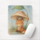 A whimsical watercolor illustration of a small fox taking shelter under a giant mushroom during a gentle rain. With soft, earthy tones and a dreamy atmosphere, this piece captures the quiet magic of a rainy day in the forest.
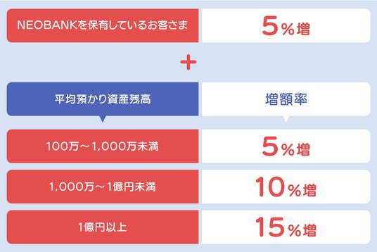 SBI FXトレードNEOBANK口座をお持ちのお客さまは、自動的に上記キャッシュバック金額に5%を増額させていただきます。
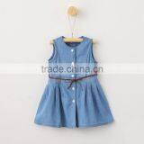 Casual Style Simple Design Belt Denim Children Girls Dress
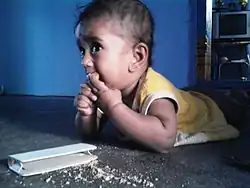 À la naissance, les bébés ont un réflexe d'extrusion ou haut-le coeur lorsqu'ils introduisent des objets dans la bouche, la langue poussant l'objet hors de la bouche. En grandissant, celui-ci disparaît et lui permet alors d'avaler des aliments de taille et de texture appropriée.
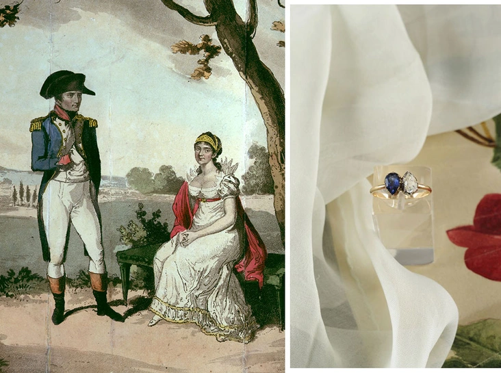 Наполеон I Бонапарт был ценителем ювелирных украшений и преподнес Жозефине Богарне кольцо «Toi et Moi», которое было выполнено из золота, а в центре расположились друг против друга два камня: бриллиант и сапфир грушевидной огранки. Вес каждого камня не превышал карата.
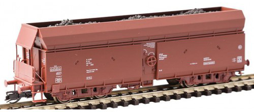| samovýsypný vůz červenohnědý s nákladem uhlí |
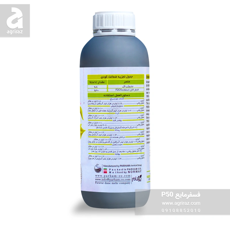 کود سیلومکس فسفرمایع P50 پرهام ایرانی ، با درصد بالایی فسفر و دز مصرف بسیار کم، کمک بسزایی در افزایش تکثیر سلولی در نوک ساقه و برگ خواهد داشت. این محصول دارای PH پایینی است که تزریق آن در سیستم های آبیاری موجب افزایش جذب عناصر می گردد.
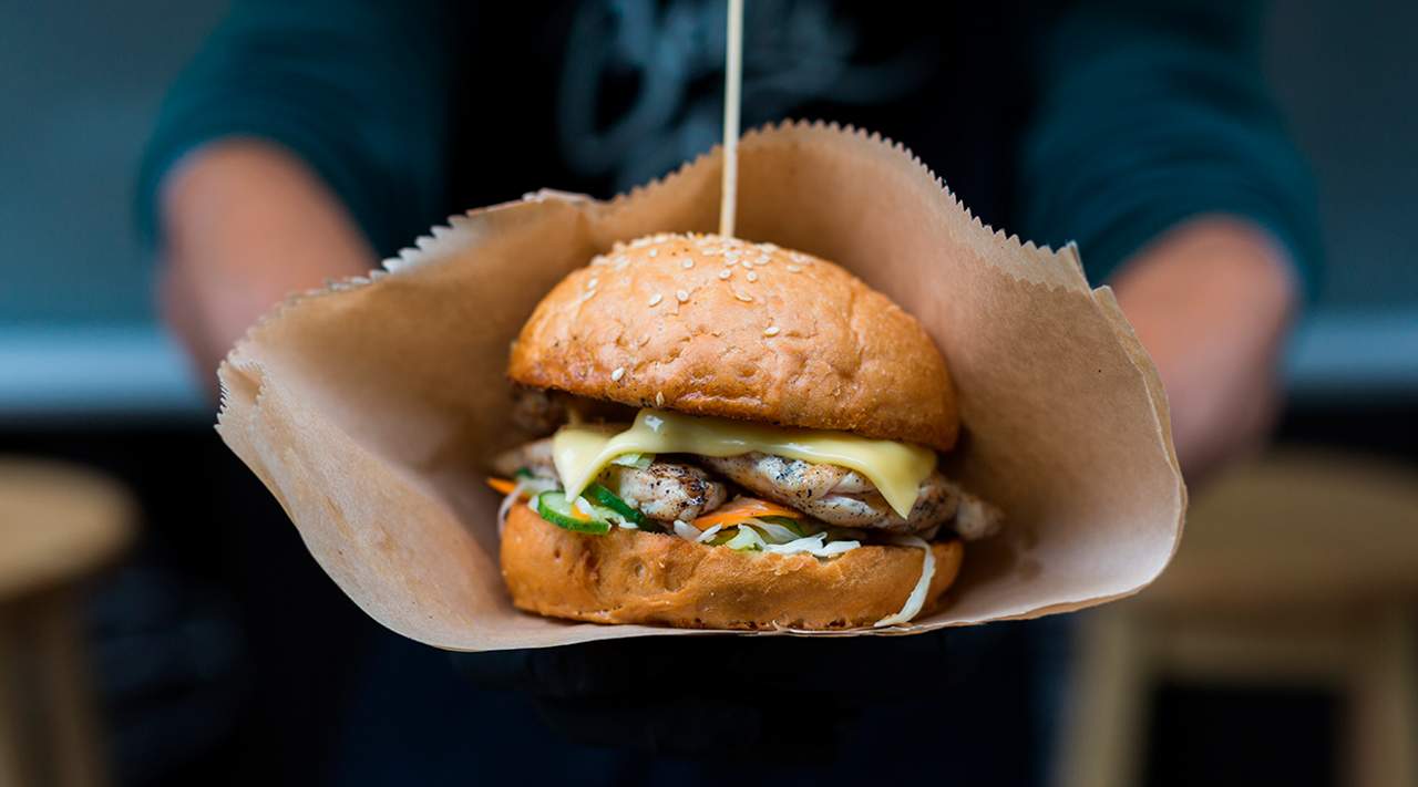 Burger di pollo, insalata, bacon, doppio formaggio, pomodoro, cipolla, cetriolini, senape al miele
——
> EXERCISE DETAILS
What is needed is the full material, retyped unchanged, with no pictures in it.

> REPLY TO THE TASK
 A whimsical watercolor illustration of a small fox taking shelter under a giant mushroom during a gentle rain. With soft, earthy tones and a dreamy atmosphere, this piece captures the quiet magic of a rainy day in the forest.
 SBI FXトレードNEOBANK口座をお持ちのお客さまは、自動的に上記キャッシュバック金額に5%を増額させていただきます。
 Casual Style Simple Design Belt Denim Children Girls Dress
 À la naissance, les bébés ont un réflexe d'extrusion ou haut-le coeur lorsqu'ils introduisent des objets dans la bouche, la langue poussant l'objet hors de la bouche. En grandissant, celui-ci disparaît et lui permet alors d'avaler des aliments de taille et de texture appropriée.
 Наполеон I Бонапарт был ценителем ювелирных украшений и преподнес Жозефине Богарне кольцо «Toi et Moi», которое было выполнено из золота, а в центре расположились друг против друга два камня: бриллиант и сапфир грушевидной огранки. Вес каждого камня не превышал карата.
| samovýsypný vůz červenohnědý s nákladem uhlí |
 کود سیلومکس فسفرمایع P50 پرهام ایرانی ، با درصد بالایی فسفر و دز مصرف بسیار کم، کمک بسزایی در افزایش تکثیر سلولی در نوک ساقه و برگ خواهد داشت. این محصول دارای PH پایینی است که تزریق آن در سیستم های آبیاری موجب افزایش جذب عناصر می گردد.
 Burger di pollo, insalata, bacon, doppio formaggio, pomodoro, cipolla, cetriolini, senape al miele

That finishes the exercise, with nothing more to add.